Some terms, such as "fulsome", may become skunked, and then eventually revert to their original meaning over time.

==Examples in English==

=== Terms with opposite meanings ===

- Eponymous was traditionally used to describe an entity after which something else is named, but now predominantly describes something named after a person.
- High concept was originally used to refer to a film with complex or abstract ideas, but it is increasingly used to refer to films with straightforward, easy-to-explain concepts.
- Humbled originally meant "brought low" but is often used to mean "honored".
- "It's all downhill from here" originally meant to become easier, as if one is bicycling down a hill. However, it is widely used to mean becoming worse or more difficult, as if by analogy to a trend line.
- Moot point in British English has historically meant a point that is worth debating, but in US English it can refer to a trivial or irrelevant point (therefore not worth debating).
- "Steep learning curve" was used in psychology from the 1920s to describe the quick and easy acquisition of skill; it was adopted more widely in the 1970s with the opposite meaning, describing a difficult and arduous process.

=== Terms with potential to offend ===
- Niggardly means "miserly" or "parsimonious", but is rarely used in modern English because it is easily confused with the slur nigger, despite their separate etymologies.
- Oriental originally referred to anything associated with the east or orient, including the Middle East, and including people. More recently, the term has come to refer to East Asia exclusively, and use of the word to describe people has become offensive.
- The words faggot and fag have various meanings in British English (such as a faggot being a meat dish or a bundle of sticks, and a fag being a cigarette), but in the United States they are homophobic slurs.

=== Terms similar to sexual terms ===
- Cum is a Latin word used in English to mean "with" (e.g. summa cum laude) or "along with being" (e.g. he was a farmer-cum-poet), but in informal contexts it is increasingly associated with semen and related meanings.
- Ejaculate means to "exclaim", but it is now more commonly used to refer to the emission of semen in orgasm.
- Intercourse means communication or dialogue, but this is now largely obsoleted by its (metaphoric or metonymic) use for the act of sex.

=== Other terms ===
- "Begging the question" originally refers to the informal fallacy of assuming the conclusion, but is used to mean "evading the question" or "raising the question".
- Biweekly has come to mean either "occurring every two weeks" or "occurring twice a week". The same ambiguity exists for the word bimonthly.
- Data and media have come to ambiguously describe both singular and plural entities, with the singular forms datum and medium declining in use.
- Decimate originally referred to executing every tenth man in a military regiment, and was later used to mean "reduce by a tenth". It is sometimes also used to mean "reduce to a tenth of its former value", which is etymologically unsound and proscribed.
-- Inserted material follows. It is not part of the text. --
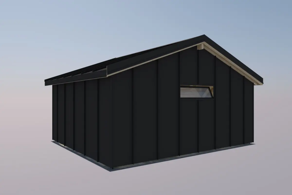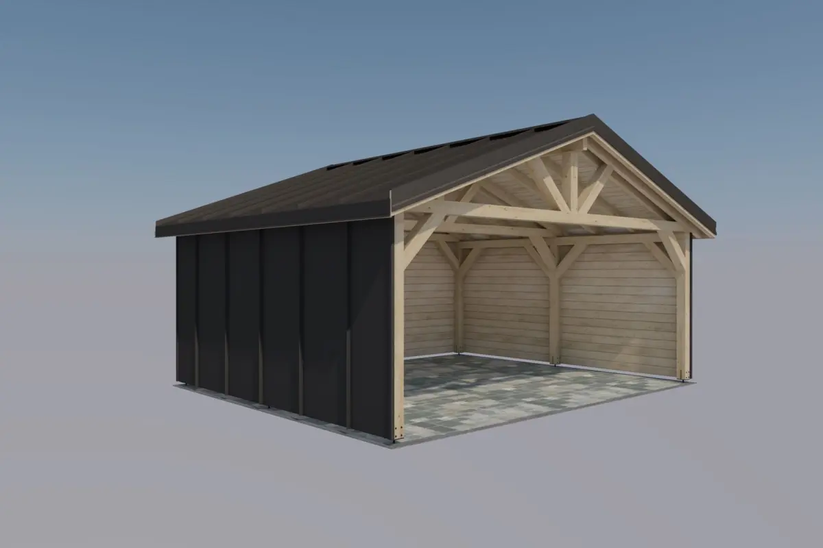 carport 6x5m in the outline of the roof. Made on 6 wooden poles with fastenings to the foundation - steel anchors with screws. Lightweight structure, roof and shingle as one surface.
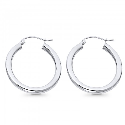 White Gold 14K Real 3mm Stylish Plain Snap Closure Hoop Earrings Hinged 1.8grams 24mm

By far the most common contemporary definition, however, is "to destroy absolutely", comparable to devastate or obliterate.
- Disinterested is widely used to mean "uninterested" whereas the primary meaning is "unbiased".
- Enormity used to mean "horror" but has come to mean "great size", likely due to confusion with the word "enormous".
- "The exception that proves the rule" originally meant that an exception stipulated in a rule establishes the existence of the rule outside the exception, but is generally used to mean an anomaly to a trend, while some argue that it should mean a case that tests the validity of a rule.
- Hopefully used to mean "in a hopeful manner" but has come to mean "it is hoped" since the early 1960s.
- Inflammable means "prone to catching fire", but is sometimes misinterpreted to mean "not flammable" due to the fact that the English prefix in- usually suggests "not". Due to potential dangers of the word confusion, inflammable has seen a decrease in usage in the last decades, while the word nonflammable is used instead to mean "not flammable".
- The original meaning of third world country was a country allied to neither of the global powers after World War II. This excluded most of South America, but included prosperous countries like Switzerland or Sweden. Because of the stereotype of a third-world country being poor, corrupt and undeveloped, most people started to use it to refer to the Global South (or sarcastically to refer to their own (unfavored) government). With the Cold War ending, the original meaning has been mostly lost.